Доктор Фаустус - Томас Манн 3 стр.


Да, папаша Леверкюн был, как сказано, любомудром и созерцателем, и его исследования, если можно говорить об исследовании там, где всё сводилось к мечтательному умствованию, всегда принимали определённое, а именно - мистическое или смутно-полумистическое направление, в котором, думается мне, почти неизбежно движется человеческая мысль, стремящаяся постичь природу. Предерзкая затея производить опыты над природой, принуждать её к чрезвычайным явлениям, "искушать" её, обнажая - путём экспериментов - совершающиеся в ней процессы, это граничит с чародейством, более того, уже является чародейством, происками "искусителя" - таково было убеждение прошедших времён, убеждение, по-моему, весьма почтенное. Хотелось бы знать, какими глазами смотрели тогда на человека из Виттенберга, который, как рассказывал нам Ионатан, сто с лишним лет назад изобрёл опыт со "зримой музыкой", не раз приводивший нас в восхищение. Среди немногих физических аппаратов, которыми располагал папаша Леверкюн, была круглая стеклянная пластинка, насаженная на стержень. На ней-то и разыгрывалось это чудо. Пластинку посыпали мельчайшим песком, и когда Ионатан проводил старым смычком от виолончели сверху вниз по её краю, она начинала вибрировать, и песок, пришедший в движение, ложился в виде удивительно отчётливых и многообразных фигур и арабесок. Эта зрительная акустика, в которой так прельстительно сочетались наглядность и таинственность, закономерное и чудесное, очень нравилась нам, мальчикам; впрочем, мы сплошь и рядом просили папашу Леверкюна показать нам этот опыт не столько для нашего, сколько для его удовольствия.

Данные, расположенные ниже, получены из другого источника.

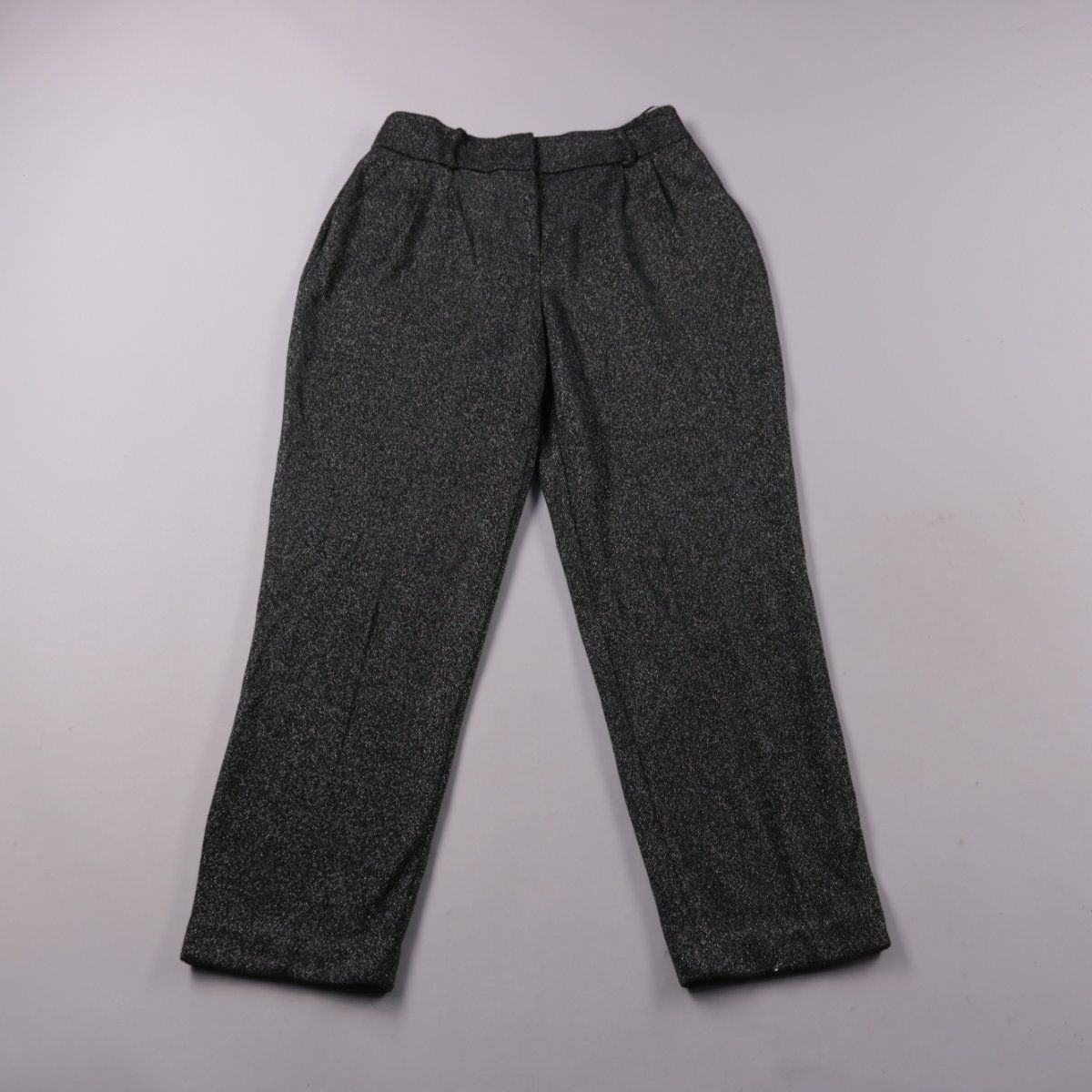 Женские брюки Primark прямого кроя из тёмно-серой ткани с лёгким блеском (металлизированная нить). Подойдут для офиса и повседневных образов благодаря спокойному цвету и лаконичному дизайну. Практичны тем, что легко сочетаются с базовыми топами и обувью.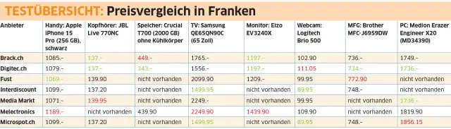 In unserem Shopvergleich haben wir acht Produktstichproben durchgeführt, um Preise und Verfügbarkeit zu vergleichen (siehe Tabelle unten). Das Ergebnis: Das Mass aller Dinge sind die Händler Brack.ch und Digitec.ch. Diese können alle unsere Produkte sofort liefern. Fust, Melectronics und Microspot.ch müssen zweimal passen, Media Markt und Interdiscount sogar dreimal.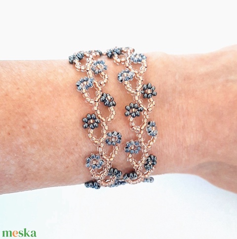 Gyöngyös két soros karkötő vagy rövid állású nyaklánc - szürke, réz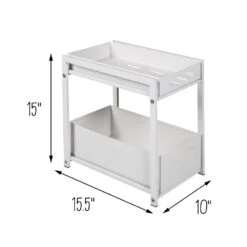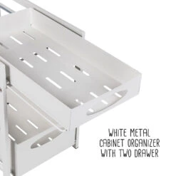 Say goodbye to avalanches when you open your cupboards, and hello to modern and simple organization! This white metal cabinet organizer features clean lines, a crisp white finish, and two pull-out drawers. Taller items like cleaning supplies and hair products will feel right at home in the bottom drawer. In contrast, the top drawer makes organizing sponges, facecloths, and other smaller items a cinch. Additionally, when used as an under sink organizer, the footed design will keep your items elevated—protecting them from any puddles due to water leaks. This cabinet storage solution offers durability, stability, and lasting beauty.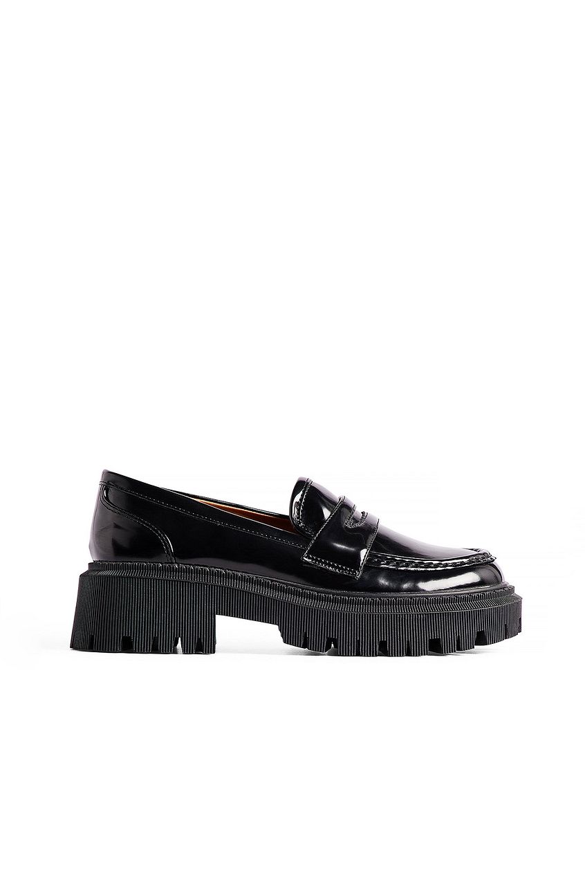 This loafer is shiny and made of PU and features a chunky sole. They have a rounded toe. Measurements in size 39: Sole height: 2,5 cm / 0.98. Heel height: 4,5 cm / 1.77 in. This loafer comes in black.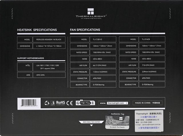 ▼此面外盒有散熱器尺寸、支援平台、TL-C12B V2及TL-D14CB風扇規格、條碼、認證標誌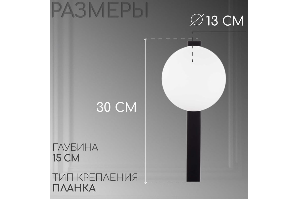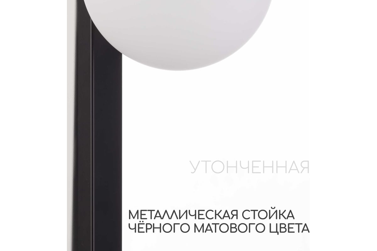 Перед вами современный изящный настенный светильник Citilux GLOB CL209411. Его утонченная металлическая стойка выполнена в стильном чёрном матовом цвете, а стеклянный матовый плафон в форме шара добавляет изделию легкости и воздушности.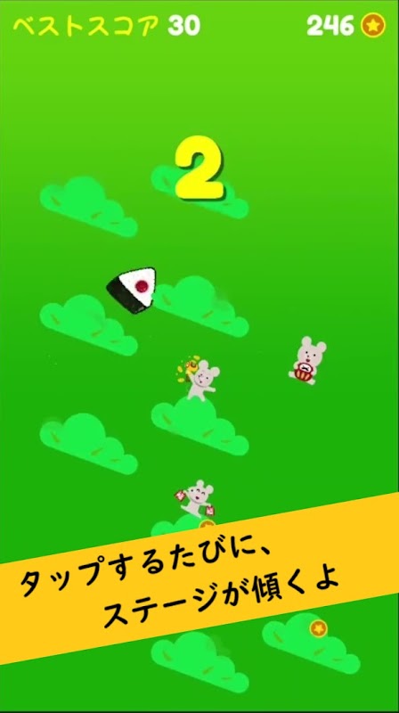 2.コインをたくさん集めながら、おむすびを、より下までうまく運びましょう。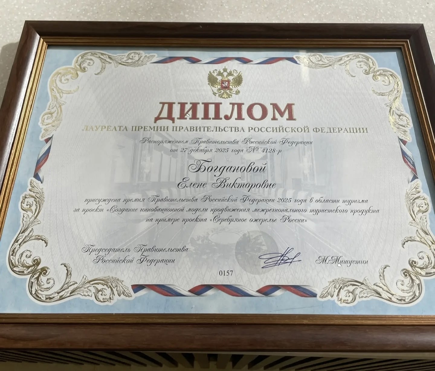 Премии Правительства Российской Федерации в области туризма за 2025 год удостоен коллектив авторов за проект «Создание инновационной модели продвижения межрегионального туристского продукта на примере проекта «Серебряное ожерелье России». В числе награжденных: директор музея-заповедника «Кижи» Елена Богданова; аспирант Санкт-Петербургского университета технологий управления и экономики Сергей Корнеев; исполнительный директор ООО «Маркет АБ» Анна Лупинова; главный редактор газеты «Петербургский дневник» Кирилл Смирнов.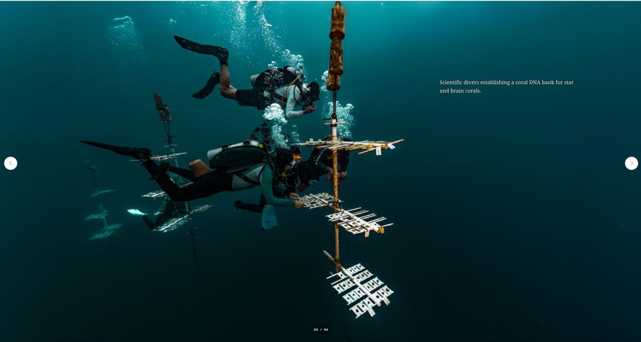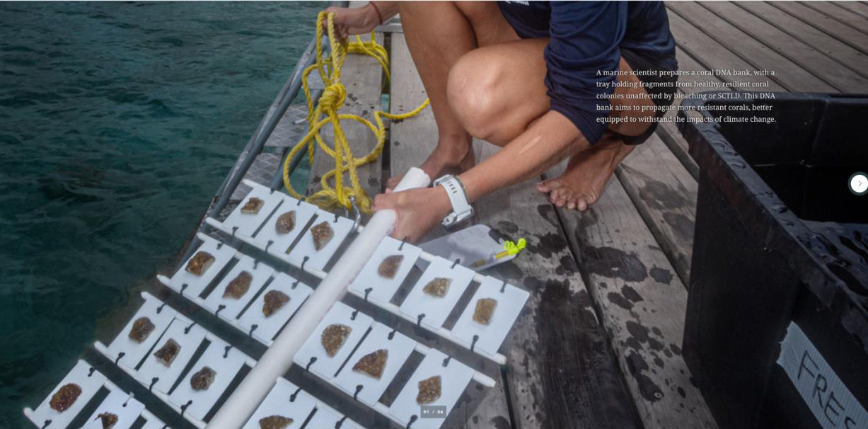 Uno biologo marino prepara una banca del DNA corallino, con un vassoio contenente frammenti di colonie di coralli sani e resilienti, non colpiti da sbiancamento o SCTLD. Ǫuesta banca del DNA ha l’obiettivo di propagare coralli più resistenti, meglio adattati a sopportare gli impatti del cambiamento climatico.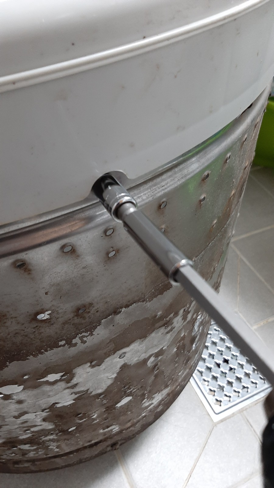 세탁조 윗부분을 보시면 볼트가 있습니다. 세탁조와 위의 물추를 분리하려면 도구가 있어야겠지요.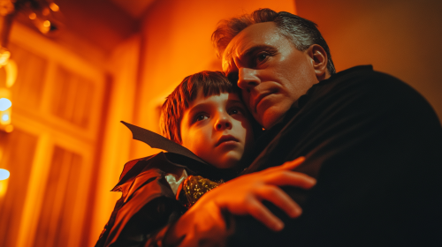 movie still, documentary photography, editorial, Martin Parr style off-centered shot of a dad and his son, both in vampire costumes, Cinematic orange halloween lighting, 35mm, intricate details --ar 16:9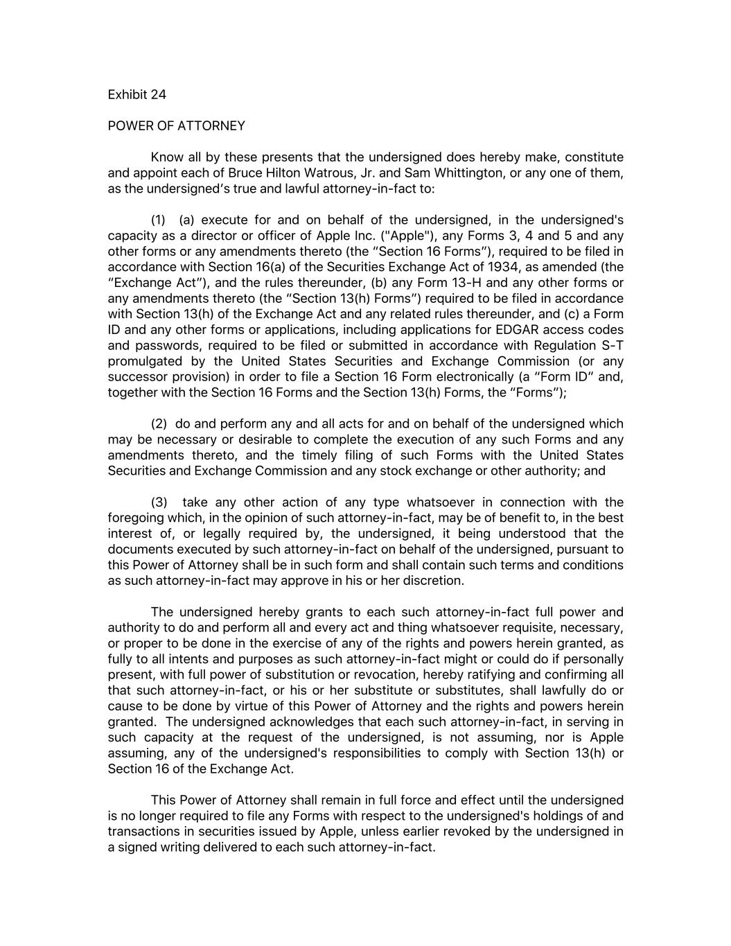 Exhibit 24 POWER OF ATTORNEY Know all by these presents that the undersigned does hereby make, constitute and appoint each of Bruce Hilton Watrous, Jr. and Sam Whittington, or any one of them, as the undersigned’s true and lawful attorney-in-fact to: (1) (a) execute for and on behalf of the undersigned, in the undersigned's capacity as a director or officer of Apple Inc. ("Apple"), any Forms 3, 4 and 5 and any other forms or any amendments thereto (the “Section 16 Forms”), required to be filed in accordance with Section 16(a) of the Securities Exchange Act of 1934, as amended (the “Exchange Act”), and the rules thereunder, (b) any Form 13-H and any other forms or any amendments thereto (the “Section 13(h) Forms”) required to be filed in accordance with Section 13(h) of the Exchange Act and any related rules thereunder, and (c) a Form ID and any other forms or applications, including applications for EDGAR access codes and passwords, required to be filed or submitted in accordance with Regulation S-T promulgated by the United States Securities and Exchange Commission (or any successor provision) in order to file a Section 16 Form electronically (a “Form ID” and, together with the Section 16 Forms and the Section 13(h) Forms, the “Forms”); (2) do and perform any and all acts for and on behalf of the undersigned which may be necessary or desirable to complete the execution of any such Forms and any amendments thereto, and the timely filing of such Forms with the United States Securities and Exchange Commission and any stock exchange or other authority; and (3) take any other action of any type whatsoever in connection with the foregoing which, in the opinion of such attorney-in-fact, may be of benefit to, in the best interest of, or legally required by, the undersigned, it being understood that the documents executed by such attorney-in-fact on behalf of the undersigned, pursuant to this Power of Attorney shall be in such form and shall contain such terms and conditions as such attorney-in-fact may approve in his or her discretion. The undersigned hereby grants to each such attorney-in-fact full power and authority to do and perform all and every act and thing whatsoever requisite, necessary, or proper to be done in the exercise of any of the rights and powers herein granted, as fully to all intents and purposes as such attorney-in-fact might or could do if personally present, with full power of substitution or revocation, hereby ratifying and confirming all that such attorney-in-fact, or his or her substitute or substitutes, shall lawfully do or cause to be done by virtue of this Power of Attorney and the rights and powers herein granted. The undersigned acknowledges that each such attorney-in-fact, in serving in such capacity at the request of the undersigned, is not assuming, nor is Apple assuming, any of the undersigned's responsibilities to comply with Section 13(h) or Section 16 of the Exchange Act. This Power of Attorney shall remain in full force and effect until the undersigned is no longer required to file any Forms with respect to the undersigned's holdings of and transactions in securities issued by Apple, unless earlier revoked by the undersigned in a signed writing delivered to each such attorney-in-fact.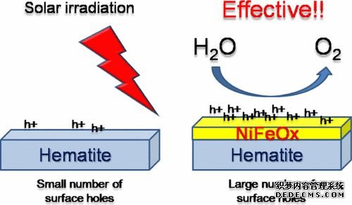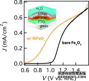 但目前在Fe2O3上降低開啟電勢有效的催化劑為NiFeOx。關(guān)于Fe2O3的開啟電勢差,Dunwei Wang課題組認(rèn)為是由于Fe2O3大量的表面態(tài)導(dǎo)致費(fèi)米能級釘扎,通過NiFeOx助催化劑的引入,大程度降低了表面費(fèi)米能級的釘扎效應(yīng),因此獲得了較好的開啟電勢。(上圖,DOI:10.1002/anie.201306263)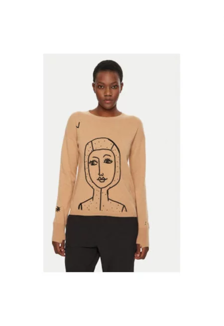 Дамски пуловер - 304735950 - Мериносова вълна/Кашмир - Бежов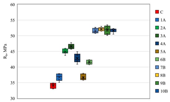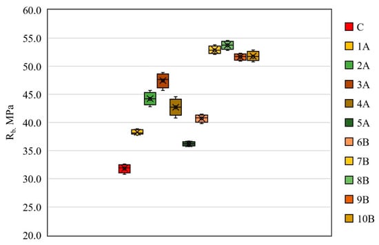 The flexural strength Rbtb, MPa, of a separate sample beam was calculated using Equation (1) as follows: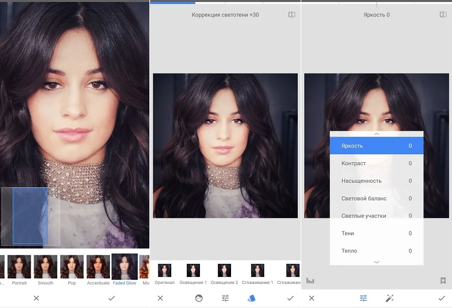 Основные шаги работы с Snapseed: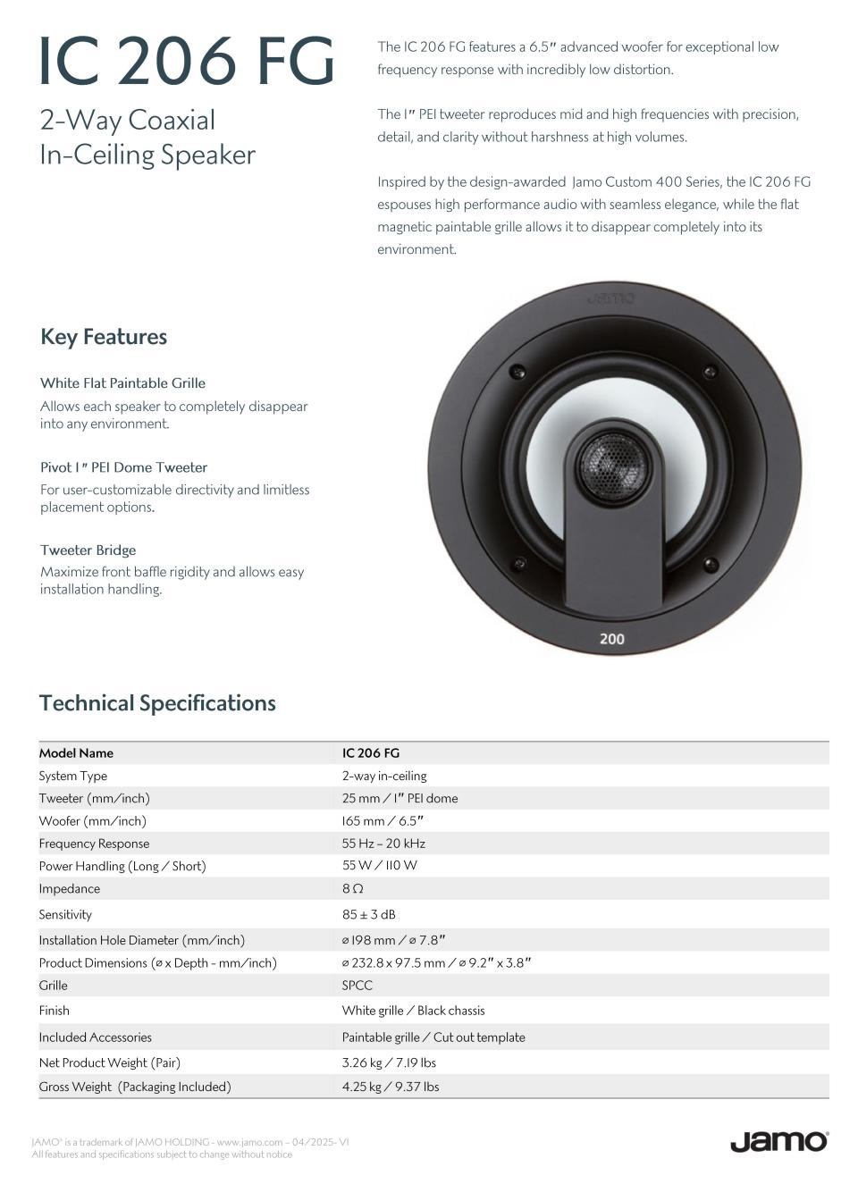 IC 206 FG采用了1只6.5”注塑石墨低音单元带来几乎没有失真的超低频率响应。1只1“复合球顶高音单元用以再现精准、富有细节的纯净中高音声效,且不会在高音量播放时感到刺耳。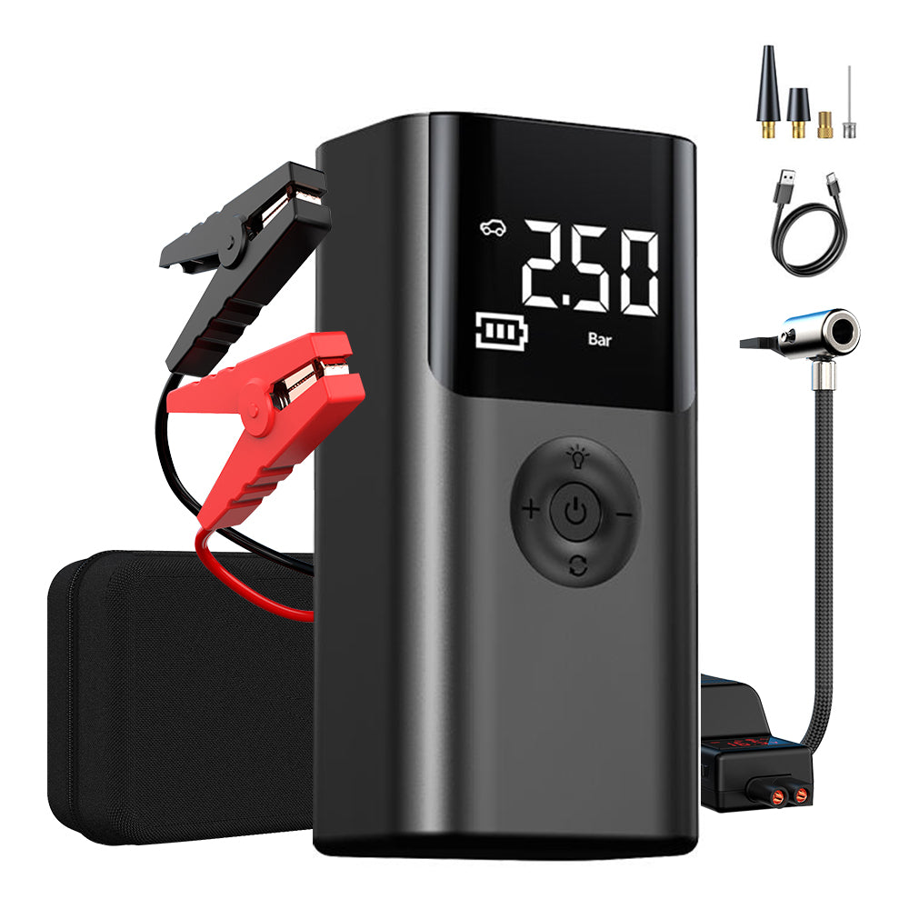 El Kit de Arranque de Coche 6 en 1 es un dispositivo multifuncional esencial para tu vehículo. Funciona como booster de batería, batería externa y démarreur de salto, además de incluir bomba de aire para neumáticos. Compacto, portátil y seguro, te brinda confianza en carretera y soluciones rápidas ante cualquier emergencia.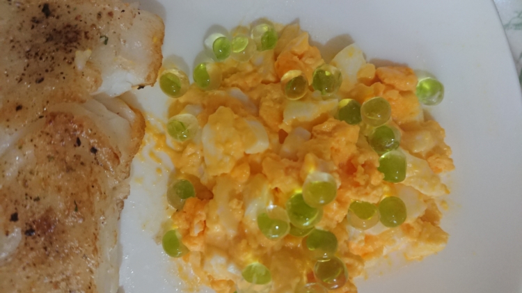 白身魚のムニエルを作って その組み合わせとして茹で卵を刻みマヨネーズを和えたものに+としてわさビーズを添えました

Не меньше радости доставляли ему морозные узоры. В зимние дни, когда эти кристаллические осадки целиком покрывали маленькие окна дома, он иногда по получасу - то невооружённым глазом, то через увеличительное стекло - разглядывал их структуру. Если бы эти порождения соблюдали положенную им симметрию, математически точное и регулярное чередование, у него скорее достало бы сил взяться за дневные труды. Но они - прямо-таки с шарлатанским бесстыдством! - подражали растительному миру, очаровательно воссоздавали листья папоротника, травинки, чашечки и лепестки цветов. Ионатан никак не мог примириться с тем, что они со своими "ледяными возможностями" пытаются дилетантствовать в органическом мире, и, разглядывая узоры на окнах, долго-долго качал головой - неодобрительно и в то же время восхищённо. Вопрос заключался в том, предваряли эти фантасмагории растительные формы или же повторяли их? Ни то и ни другое, в конце концов отвечал он себе, это параллельные явления. Природа - выдумщица. Время от времени её выдумки повторяются; если здесь может идти речь о повторении, то разве что обоюдном. Надо ли считать прообразом подлинные цветы лугов только оттого, что они обладают органическим, глубинным бытием, морозные же цветы всего-навсего мираж? Но ведь и этот мираж - результат не менее сложных сочетаний материи, чем те, которые мы наблюдаем в растительном мире. Если я правильно понимал нашего гостеприимного хозяина, то его неустанно занимала мысль о единстве живой и так называемой неживой природы; по его мнению, мы впадали в грех перед последней, проводя слишком строгую границу между обеими, тогда как на самом деле эта граница не так уж прочна и, собственно, нет такой элементарной функции, каковой обладали явления живой природы, которую биолог не обнаружил бы, наблюдая мёртвую.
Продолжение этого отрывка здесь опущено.